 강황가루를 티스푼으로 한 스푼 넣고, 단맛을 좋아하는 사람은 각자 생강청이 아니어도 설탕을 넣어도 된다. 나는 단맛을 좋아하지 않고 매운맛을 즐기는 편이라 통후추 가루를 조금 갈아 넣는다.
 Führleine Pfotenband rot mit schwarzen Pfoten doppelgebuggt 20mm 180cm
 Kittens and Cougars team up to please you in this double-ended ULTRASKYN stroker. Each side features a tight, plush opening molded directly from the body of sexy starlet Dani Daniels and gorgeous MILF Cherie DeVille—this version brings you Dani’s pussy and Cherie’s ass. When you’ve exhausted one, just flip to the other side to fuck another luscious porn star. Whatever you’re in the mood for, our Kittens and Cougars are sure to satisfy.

******************************

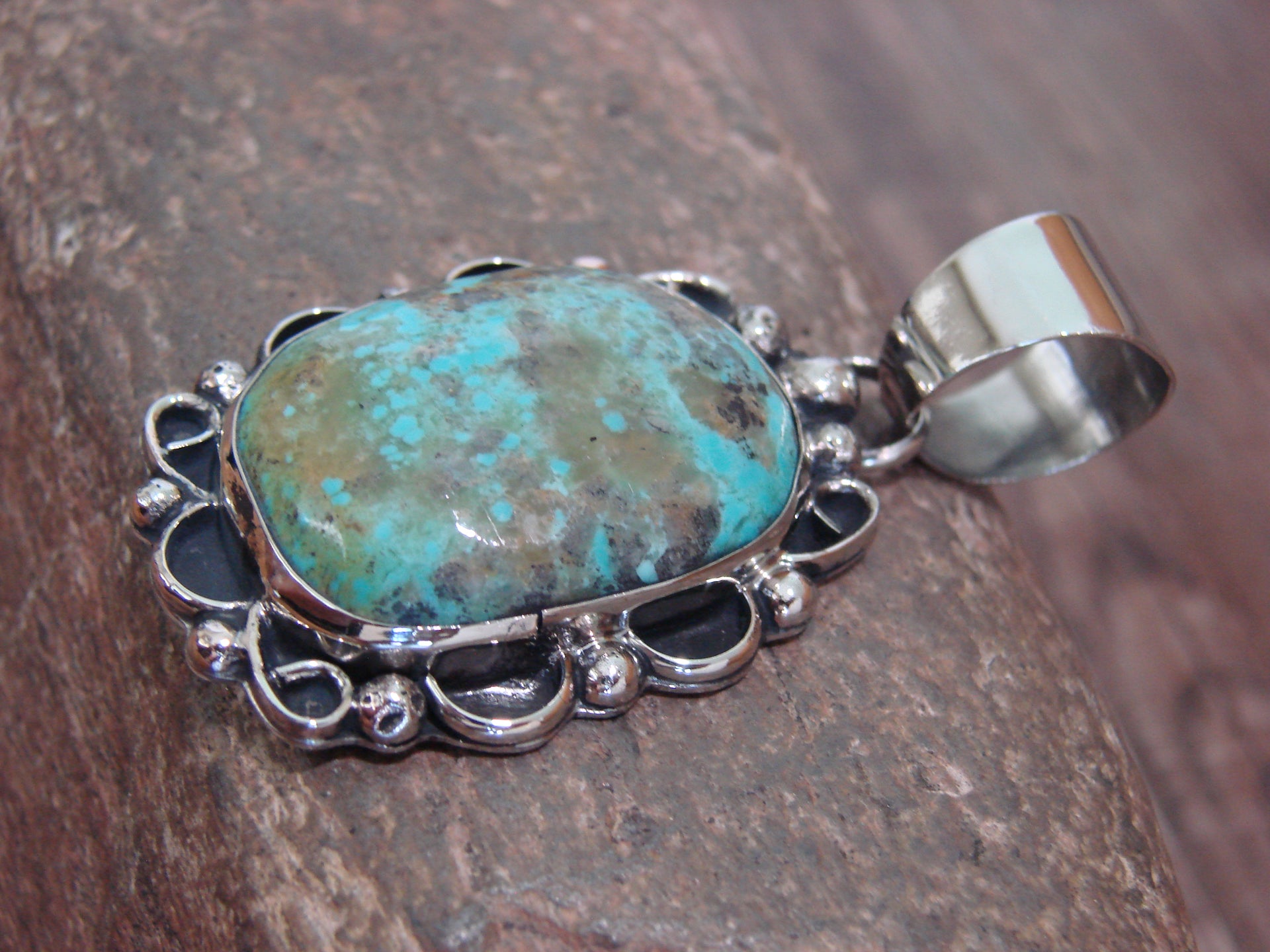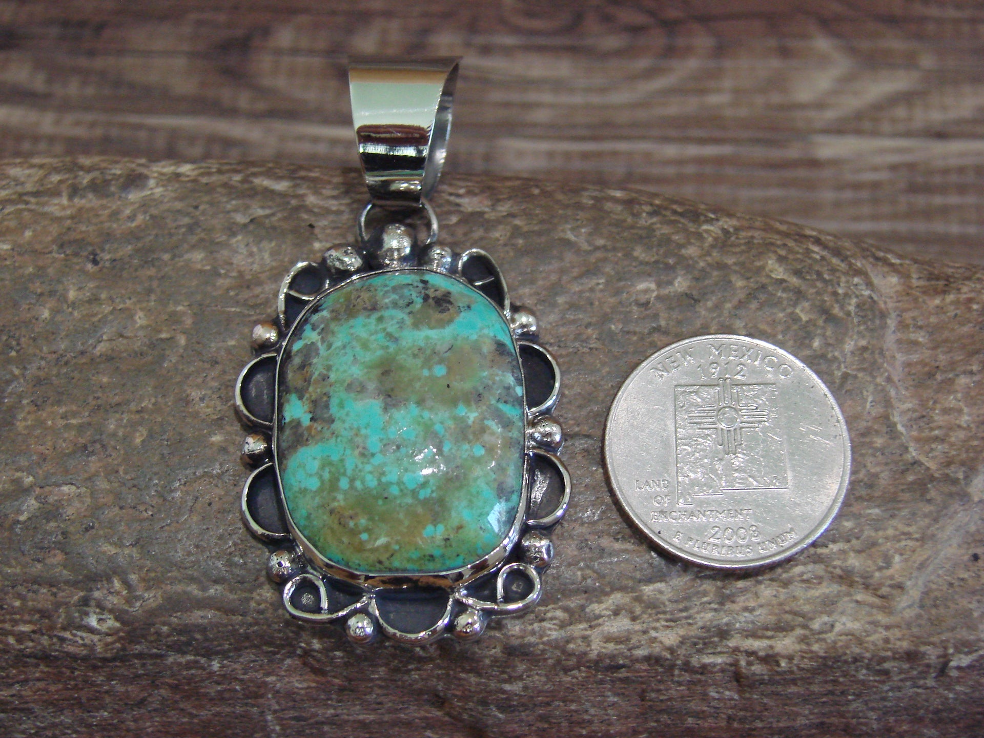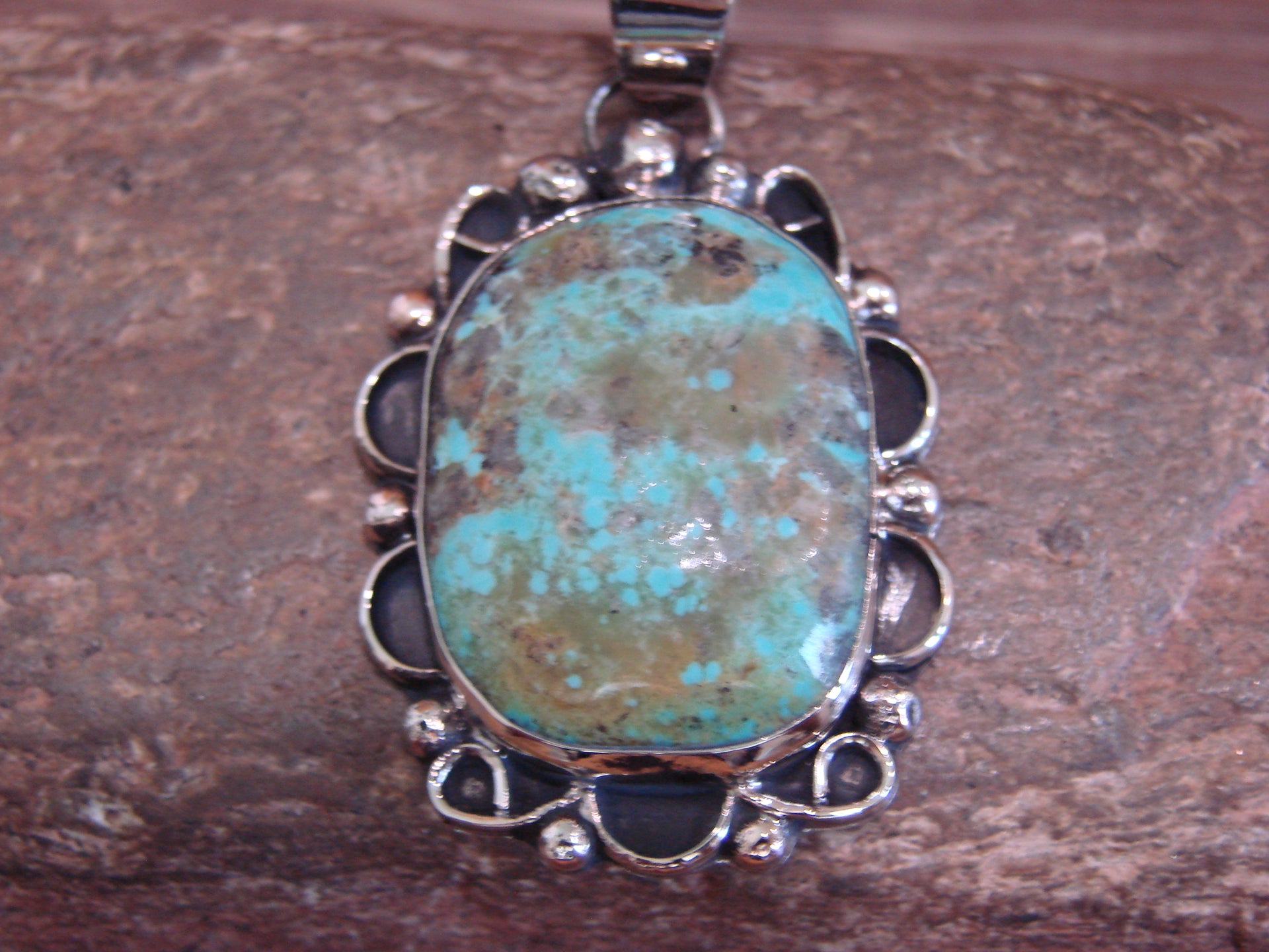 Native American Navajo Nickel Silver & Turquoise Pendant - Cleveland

******************************

Write down, word for word, the lines above from the one containing "강황가루를 티스푼으로 한" through the one containing "Führleine Pfotenband rot", both ends included.

 강황가루를 티스푼으로 한 스푼 넣고, 단맛을 좋아하는 사람은 각자 생강청이 아니어도 설탕을 넣어도 된다. 나는 단맛을 좋아하지 않고 매운맛을 즐기는 편이라 통후추 가루를 조금 갈아 넣는다.
 Führleine Pfotenband rot mit schwarzen Pfoten doppelgebuggt 20mm 180cm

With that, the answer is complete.